Another Plunge
West’s disregard of honorable principles and policies, specifically from 1948 onwards, is pushing it to the ignoble status of a perpetrator of violence and destruction for small gains which is rendering it low in the esteem of other nations, writes SYED IQBAL ZAHEER.
The Western politicians’ obituary statements at Sharon’s death – ‘good riddance’, said voices from the Left and the Right – was another plunge into darkness of the Crusade Era.

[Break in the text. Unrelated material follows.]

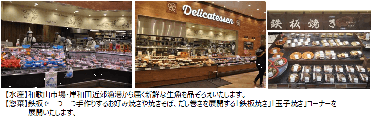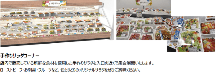 モール型店舗ならではのごちそうメニューや、味も見た目のおいしさもお楽しみいただける新商品を品ぞろえし、当店だけの「限定商品」も登場いたします。また、商品を選びやすくお買い物しやすい売り場を実現するため、サラダと魚惣菜をそれぞれ集合展開するほか、メイン入口に惣菜・手作りパン売り場を配置し、時短ニーズに対応いたします。

But who was Sharon? Here is a brief note on him picked up from a variety of sources – all Western:
“Early in his life, Sharon showed the dark side of his character. In an Israeli attack in 1953 on Qibya, a Palestinian village in the West Bank, led on the ground by Sharon, scores of homes were destroyed while civilians were still inside. The outcome was a massacre that left 69 Palestinians dead, most of whom were women and children. Then a ‘culture of impunity’ – a recurring theme – took over. Following that heroic event, as assured by the culture of impunity, “time and again, Sharon left some of the bloodiest marks on the history of Palestine.” He escaped accountability in Qibya and, despite heavy criticisms of his role in the Sabra and Shatila massacres (3,500 “refugees, men, women, children and infants), Sharon’s career in public life did not end, to ultimately become the Prime Minister (while some referred to him as ‘the Butcher of Beirut’).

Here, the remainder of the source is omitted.